Dewey's concerns with methodologically-rigorous research are recapitulated by Elliott Eisner (1979) when discussing formative research. As Walker notes (1992, p.107) Eisner rejected the scientist's criterion of truth in favor of utility: "What we can productively ask of a set if ideas is not whether it is REALLY true but whether it is useful."

To achieve profound insights into the active teaching and learning processes, formative researchers have deliberately chosen to reject methodological rigor in favor of utility. By the prevailing methodological standards of the behavioral and social sciences, in contrast, these studies are merely intriguing observations that prove nothing (Walker, 1992, p. 114).

However effective and relevant these cases of unconventional science educational research have been to working teachers, they don't provide the guidance and methodological interpretation required to establish a systematic base of knowledge for science education research. To achieve this we need a paradigm. We suggest using Critical Theory (Schroyer, 1973; Young, 1990) as the basis of that paradigm.

Dan MacIsaac, 1996 (http://www.physics.nau.edu/~danmac)

References

Boder, G. & MacIsaac, D.L. (1995). A critical examination of accountability in science education research. A paper presented at the annual meeting of the National Association for Research in Science Teaching, San Francisco, CA.

Bodner, G. M. (1992) Overcoming the sports-mentality metaphor: Action research as a metaphor for curriculum evaluation. A paper presented at the annual meeting of the National Association for Research in Science Teaching, Boston, MA.

Campbell, D.T. & Stanley, J.C. (1963). Experimental and Quasi-Experimental Designs for Research. Chicago: McNally.

Dewey, J. (1929). The sources of a science of education. New York: Liveright.

Eisner, E. (1979). The educational imagination. New York: MacMillan.

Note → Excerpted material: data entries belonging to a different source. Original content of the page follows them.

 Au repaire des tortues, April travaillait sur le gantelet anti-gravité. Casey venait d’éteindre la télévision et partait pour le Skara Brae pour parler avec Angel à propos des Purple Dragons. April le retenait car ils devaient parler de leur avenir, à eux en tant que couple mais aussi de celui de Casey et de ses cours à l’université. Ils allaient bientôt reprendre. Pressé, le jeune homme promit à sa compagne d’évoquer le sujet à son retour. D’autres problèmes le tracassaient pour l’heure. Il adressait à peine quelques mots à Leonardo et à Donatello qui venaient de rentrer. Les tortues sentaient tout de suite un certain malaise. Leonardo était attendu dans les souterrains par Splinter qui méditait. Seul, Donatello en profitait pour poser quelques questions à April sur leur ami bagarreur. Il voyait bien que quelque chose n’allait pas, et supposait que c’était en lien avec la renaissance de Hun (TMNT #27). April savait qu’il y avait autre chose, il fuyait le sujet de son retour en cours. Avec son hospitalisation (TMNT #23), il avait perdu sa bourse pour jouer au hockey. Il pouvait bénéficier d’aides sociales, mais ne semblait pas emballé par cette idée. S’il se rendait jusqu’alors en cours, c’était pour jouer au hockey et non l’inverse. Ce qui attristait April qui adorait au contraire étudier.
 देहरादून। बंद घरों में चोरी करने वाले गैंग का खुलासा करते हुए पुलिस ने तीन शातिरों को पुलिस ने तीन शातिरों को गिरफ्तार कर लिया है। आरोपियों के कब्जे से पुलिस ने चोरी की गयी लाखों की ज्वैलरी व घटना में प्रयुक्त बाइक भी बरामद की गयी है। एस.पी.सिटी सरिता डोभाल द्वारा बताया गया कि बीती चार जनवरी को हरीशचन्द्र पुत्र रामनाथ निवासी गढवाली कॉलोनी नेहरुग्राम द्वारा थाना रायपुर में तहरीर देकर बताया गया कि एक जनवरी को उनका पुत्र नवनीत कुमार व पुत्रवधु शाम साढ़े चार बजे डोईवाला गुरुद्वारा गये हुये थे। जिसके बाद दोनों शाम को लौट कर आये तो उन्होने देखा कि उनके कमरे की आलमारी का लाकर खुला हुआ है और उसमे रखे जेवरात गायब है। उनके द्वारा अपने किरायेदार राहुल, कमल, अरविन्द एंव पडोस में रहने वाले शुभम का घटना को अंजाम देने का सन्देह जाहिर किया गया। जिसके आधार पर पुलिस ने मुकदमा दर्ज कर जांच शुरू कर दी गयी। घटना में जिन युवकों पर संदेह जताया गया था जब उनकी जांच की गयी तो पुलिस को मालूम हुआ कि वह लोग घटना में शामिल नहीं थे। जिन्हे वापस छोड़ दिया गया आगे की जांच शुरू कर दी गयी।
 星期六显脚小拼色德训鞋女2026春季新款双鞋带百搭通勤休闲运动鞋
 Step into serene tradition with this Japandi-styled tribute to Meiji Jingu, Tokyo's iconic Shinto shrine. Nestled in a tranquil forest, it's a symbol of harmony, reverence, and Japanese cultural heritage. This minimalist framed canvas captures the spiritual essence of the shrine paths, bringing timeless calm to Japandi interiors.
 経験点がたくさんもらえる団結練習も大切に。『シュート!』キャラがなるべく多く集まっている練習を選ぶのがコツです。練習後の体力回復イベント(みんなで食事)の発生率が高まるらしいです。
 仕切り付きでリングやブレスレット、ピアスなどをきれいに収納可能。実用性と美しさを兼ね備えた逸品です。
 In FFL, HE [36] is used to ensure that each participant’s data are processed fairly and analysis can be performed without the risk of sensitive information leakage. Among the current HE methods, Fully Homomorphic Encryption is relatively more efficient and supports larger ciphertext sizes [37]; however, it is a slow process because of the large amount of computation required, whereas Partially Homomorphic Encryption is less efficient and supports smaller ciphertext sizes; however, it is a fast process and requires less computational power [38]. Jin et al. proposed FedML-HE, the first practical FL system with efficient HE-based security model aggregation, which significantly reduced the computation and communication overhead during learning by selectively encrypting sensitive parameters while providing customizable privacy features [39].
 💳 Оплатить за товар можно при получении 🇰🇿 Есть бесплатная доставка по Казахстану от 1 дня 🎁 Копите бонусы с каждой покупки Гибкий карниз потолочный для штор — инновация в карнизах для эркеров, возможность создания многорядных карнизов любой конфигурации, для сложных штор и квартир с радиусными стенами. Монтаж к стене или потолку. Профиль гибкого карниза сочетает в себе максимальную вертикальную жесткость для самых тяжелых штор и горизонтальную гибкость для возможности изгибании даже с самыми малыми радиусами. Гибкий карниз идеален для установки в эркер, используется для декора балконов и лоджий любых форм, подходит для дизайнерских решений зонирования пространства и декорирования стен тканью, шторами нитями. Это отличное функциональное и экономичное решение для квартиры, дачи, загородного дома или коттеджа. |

Gillman, L. (1990). Focus, 10(1), 7-10.

Henkin, L. and Treisman, U. (1984). Final Report: University of California Professional Development Program, ERIC ED 2669932.

Shymansky, J. A. & Kyle, W. C., Jr. (1990). Establishing a research agenda: The critical issues of science curriculum reform. A paper presented at the annual meeting of the National Association for Research in Science Teaching, Atlanta, GA.

Treisman, P. U. (1983). Improving the performance of minority students in college-level mathematics. Innovation Abstracts, 5(17), 1-5.

Walker, D. F. (1992). Methodological issues in educational research. In Jackson, Philip W. (1992). (Ed.). Handbook of Research on Curriculum: A Project of the American Educational Research Association. New York: Macmillan.

Wright, E.L. (1993). The irrelevancy of science education research: Perception or reality? President's Column, NARST News, 35(1).